What this task involves ->
From the line containing "We imagined together" down to the line containing "Mutfak : Amerikan", copy out the entries below exactly, both lines included, and nothing else; pictures do not belong in the copy.

Start of Block

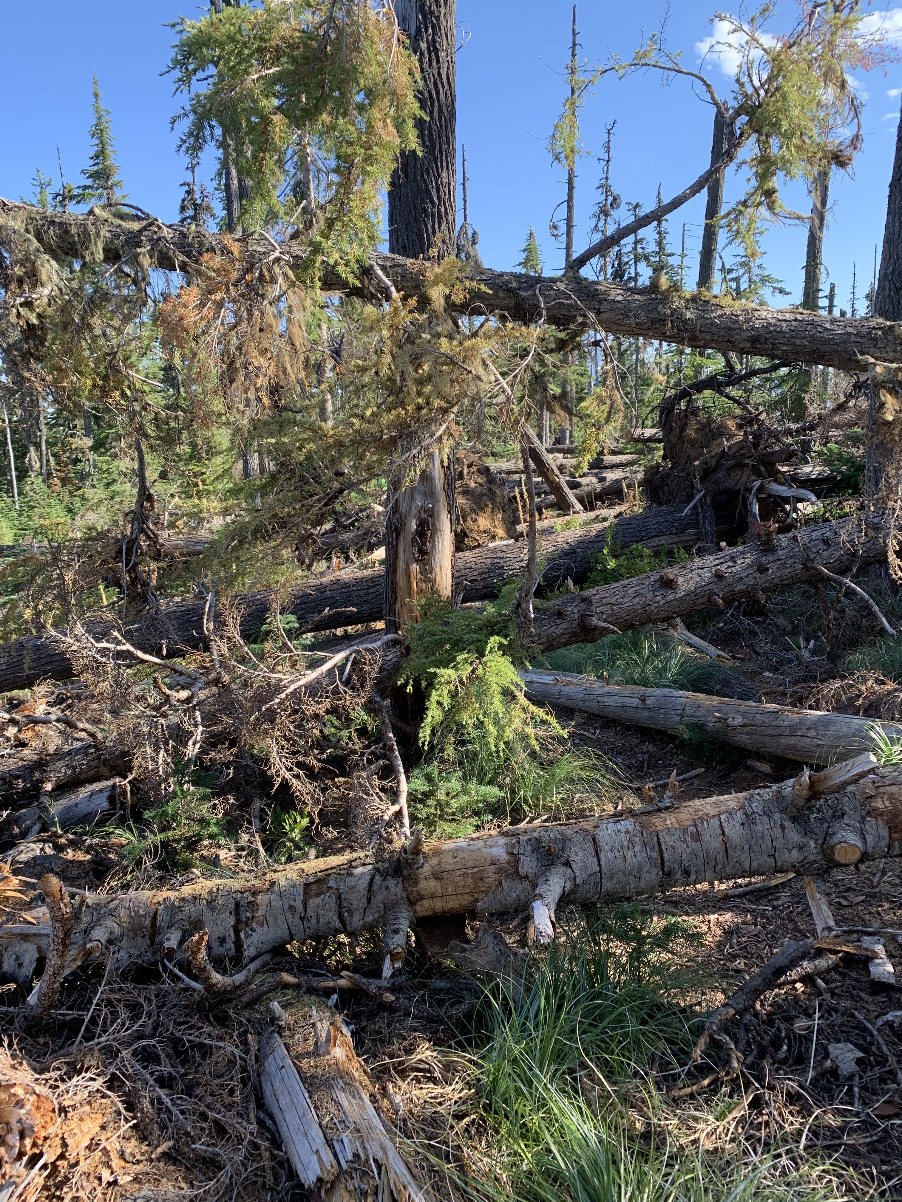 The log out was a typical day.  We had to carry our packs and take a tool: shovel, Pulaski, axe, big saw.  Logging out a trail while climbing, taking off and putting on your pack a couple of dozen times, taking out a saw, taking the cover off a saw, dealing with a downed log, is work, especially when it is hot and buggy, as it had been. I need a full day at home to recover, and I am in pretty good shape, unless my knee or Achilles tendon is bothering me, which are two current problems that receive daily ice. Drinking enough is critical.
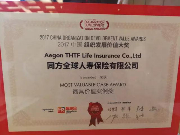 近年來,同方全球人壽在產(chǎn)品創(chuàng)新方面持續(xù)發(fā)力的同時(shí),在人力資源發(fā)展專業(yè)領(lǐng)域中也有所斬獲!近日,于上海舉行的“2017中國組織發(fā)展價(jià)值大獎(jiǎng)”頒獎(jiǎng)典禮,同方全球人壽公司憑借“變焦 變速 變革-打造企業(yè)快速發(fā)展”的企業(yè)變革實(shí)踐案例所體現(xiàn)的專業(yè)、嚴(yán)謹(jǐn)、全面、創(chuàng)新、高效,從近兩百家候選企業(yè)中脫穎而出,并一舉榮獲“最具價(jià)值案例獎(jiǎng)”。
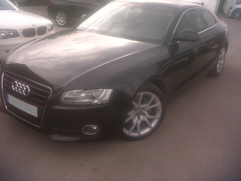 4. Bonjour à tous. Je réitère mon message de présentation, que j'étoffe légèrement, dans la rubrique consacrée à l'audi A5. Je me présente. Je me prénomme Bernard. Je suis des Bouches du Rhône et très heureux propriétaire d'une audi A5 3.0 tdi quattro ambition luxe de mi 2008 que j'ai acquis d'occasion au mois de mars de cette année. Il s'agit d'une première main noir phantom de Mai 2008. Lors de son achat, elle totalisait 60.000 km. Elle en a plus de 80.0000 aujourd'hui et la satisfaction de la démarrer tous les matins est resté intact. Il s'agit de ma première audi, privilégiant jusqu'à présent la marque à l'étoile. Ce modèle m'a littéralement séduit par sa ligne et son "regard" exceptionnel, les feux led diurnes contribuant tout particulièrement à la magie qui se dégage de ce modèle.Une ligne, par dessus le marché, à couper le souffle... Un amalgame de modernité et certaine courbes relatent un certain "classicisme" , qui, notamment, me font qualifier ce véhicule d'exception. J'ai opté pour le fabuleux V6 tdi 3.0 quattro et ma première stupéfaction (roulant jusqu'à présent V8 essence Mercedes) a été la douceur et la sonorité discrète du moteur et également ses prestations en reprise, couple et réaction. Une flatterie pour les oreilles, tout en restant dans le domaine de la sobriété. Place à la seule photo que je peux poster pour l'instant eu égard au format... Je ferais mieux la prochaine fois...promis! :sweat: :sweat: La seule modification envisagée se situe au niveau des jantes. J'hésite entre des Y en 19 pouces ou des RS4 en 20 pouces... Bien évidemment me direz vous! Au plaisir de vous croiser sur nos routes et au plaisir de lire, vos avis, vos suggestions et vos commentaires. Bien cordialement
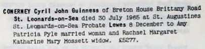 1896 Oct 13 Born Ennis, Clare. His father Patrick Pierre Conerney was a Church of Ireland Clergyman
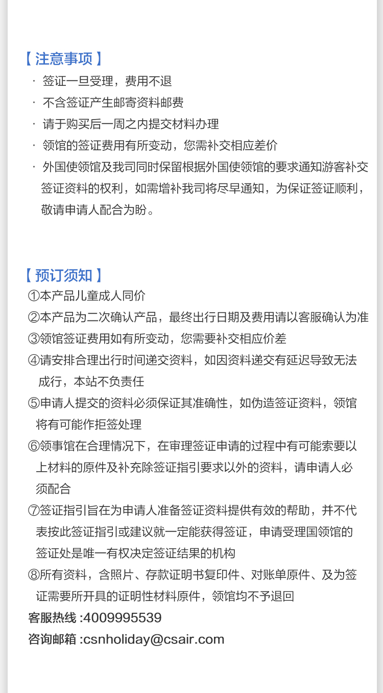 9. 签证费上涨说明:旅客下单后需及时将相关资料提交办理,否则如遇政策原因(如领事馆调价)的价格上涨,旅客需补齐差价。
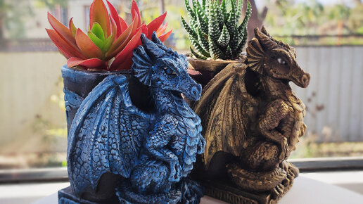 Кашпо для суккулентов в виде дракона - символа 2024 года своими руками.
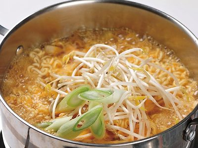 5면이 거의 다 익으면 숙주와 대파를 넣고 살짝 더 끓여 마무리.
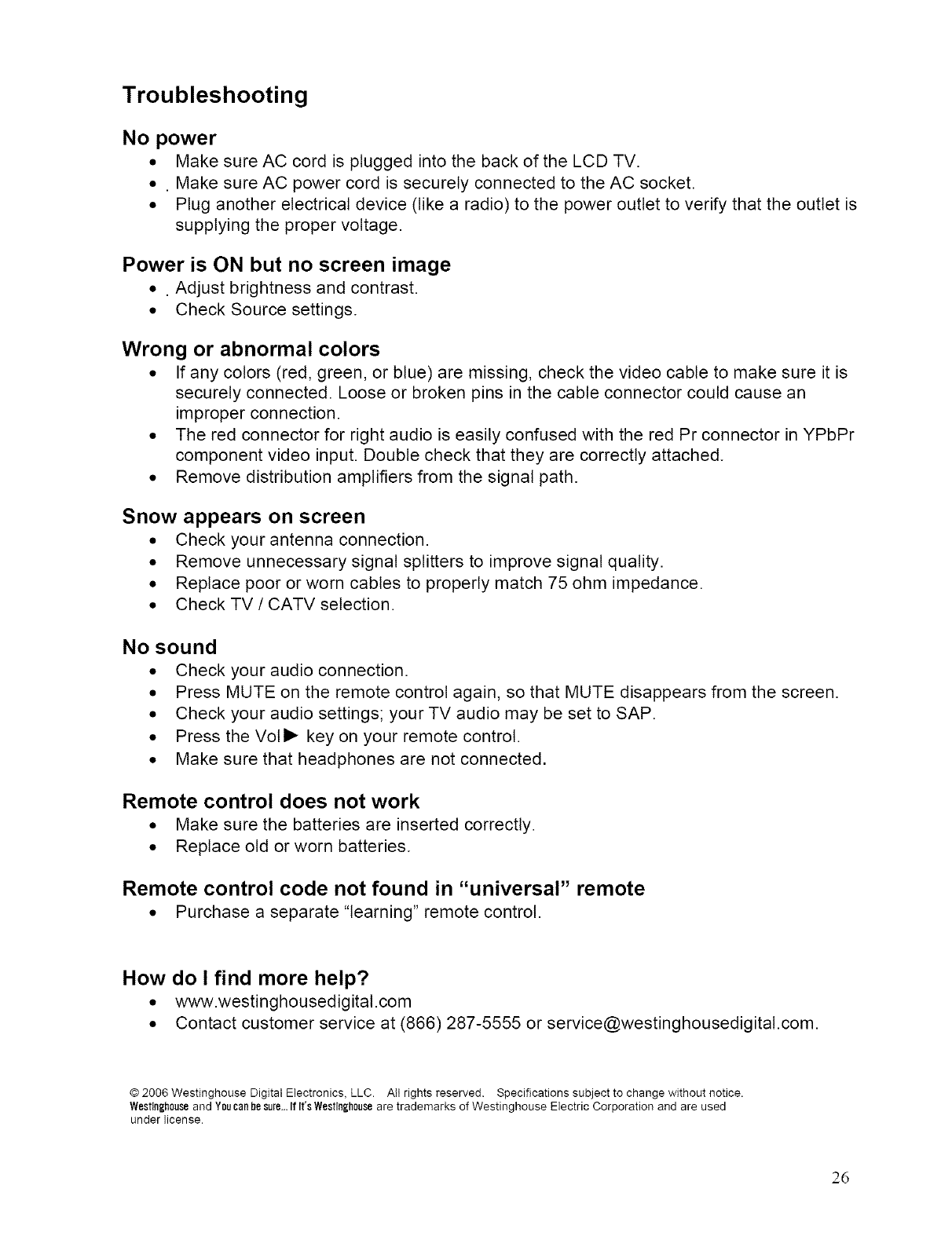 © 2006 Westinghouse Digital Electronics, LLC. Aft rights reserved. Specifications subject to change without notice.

End of Block
Start of Block

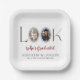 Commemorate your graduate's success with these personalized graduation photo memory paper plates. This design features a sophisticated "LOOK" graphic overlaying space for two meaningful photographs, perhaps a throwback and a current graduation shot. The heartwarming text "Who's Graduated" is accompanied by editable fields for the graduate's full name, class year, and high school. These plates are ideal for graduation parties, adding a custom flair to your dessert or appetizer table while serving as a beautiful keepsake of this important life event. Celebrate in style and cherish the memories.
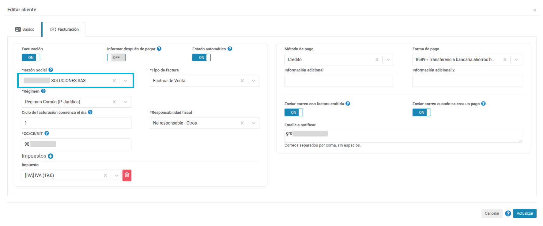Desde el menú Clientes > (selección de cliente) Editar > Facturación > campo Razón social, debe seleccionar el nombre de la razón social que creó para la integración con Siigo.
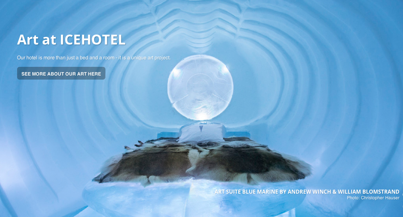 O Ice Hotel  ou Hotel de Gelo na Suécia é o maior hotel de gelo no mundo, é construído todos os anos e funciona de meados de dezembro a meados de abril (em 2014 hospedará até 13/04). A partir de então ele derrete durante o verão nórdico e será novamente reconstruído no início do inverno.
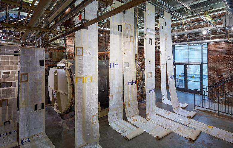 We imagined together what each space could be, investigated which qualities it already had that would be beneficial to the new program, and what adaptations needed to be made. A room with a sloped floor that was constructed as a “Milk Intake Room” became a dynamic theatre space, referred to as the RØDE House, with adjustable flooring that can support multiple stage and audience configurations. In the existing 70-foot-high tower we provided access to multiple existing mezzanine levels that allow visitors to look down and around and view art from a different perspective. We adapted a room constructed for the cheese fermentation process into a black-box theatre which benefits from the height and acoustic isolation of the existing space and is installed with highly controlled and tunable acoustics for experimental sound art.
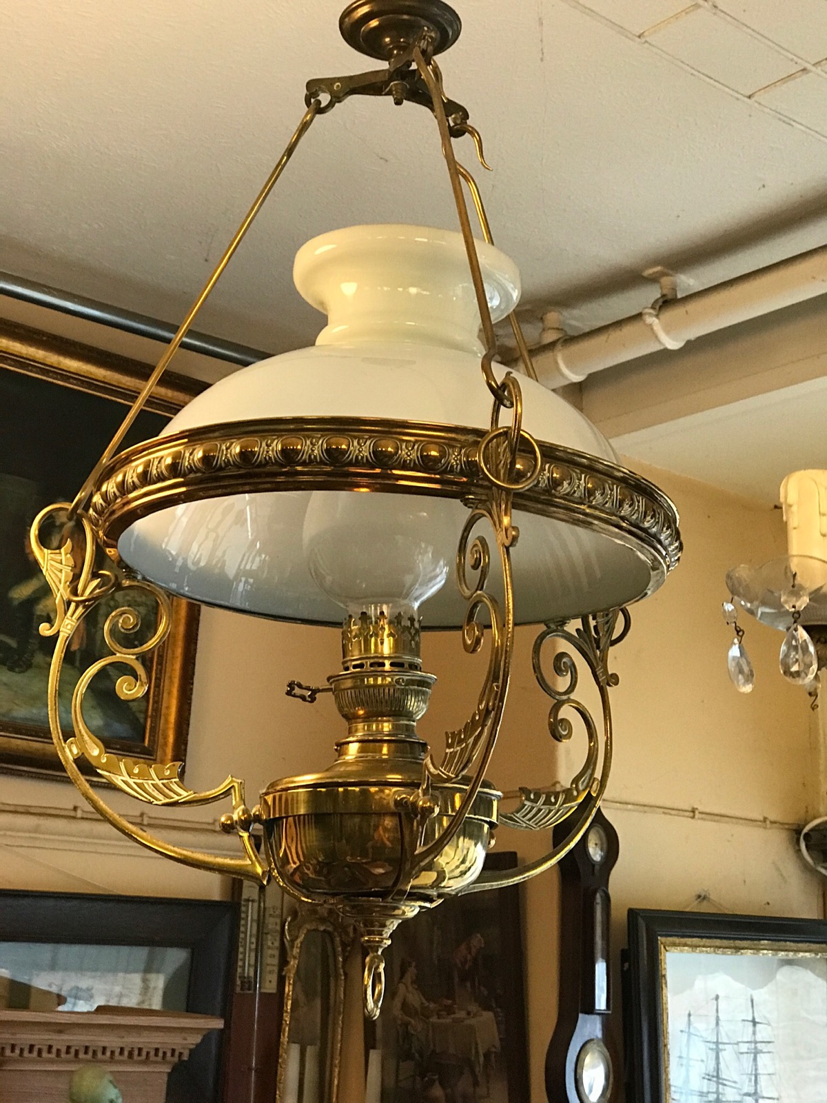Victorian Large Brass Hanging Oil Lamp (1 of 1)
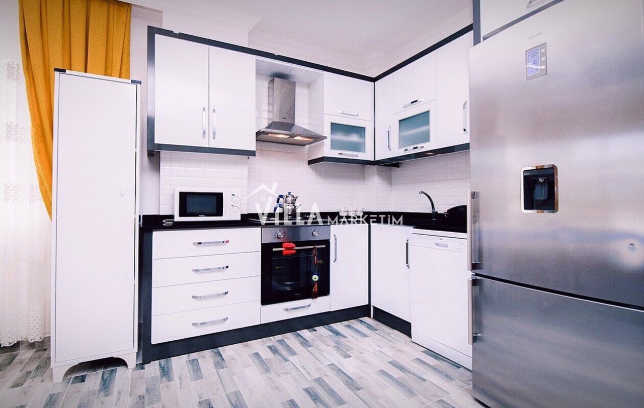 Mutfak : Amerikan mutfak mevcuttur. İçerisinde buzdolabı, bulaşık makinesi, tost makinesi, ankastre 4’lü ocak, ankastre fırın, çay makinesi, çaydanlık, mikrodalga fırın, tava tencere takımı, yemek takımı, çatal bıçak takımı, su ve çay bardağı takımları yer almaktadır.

End of Block

Reply to the task ->
 We imagined together what each space could be, investigated which qualities it already had that would be beneficial to the new program, and what adaptations needed to be made. A room with a sloped floor that was constructed as a “Milk Intake Room” became a dynamic theatre space, referred to as the RØDE House, with adjustable flooring that can support multiple stage and audience configurations. In the existing 70-foot-high tower we provided access to multiple existing mezzanine levels that allow visitors to look down and around and view art from a different perspective. We adapted a room constructed for the cheese fermentation process into a black-box theatre which benefits from the height and acoustic isolation of the existing space and is installed with highly controlled and tunable acoustics for experimental sound art.
Victorian Large Brass Hanging Oil Lamp (1 of 1)
 Mutfak : Amerikan mutfak mevcuttur. İçerisinde buzdolabı, bulaşık makinesi, tost makinesi, ankastre 4’lü ocak, ankastre fırın, çay makinesi, çaydanlık, mikrodalga fırın, tava tencere takımı, yemek takımı, çatal bıçak takımı, su ve çay bardağı takımları yer almaktadır.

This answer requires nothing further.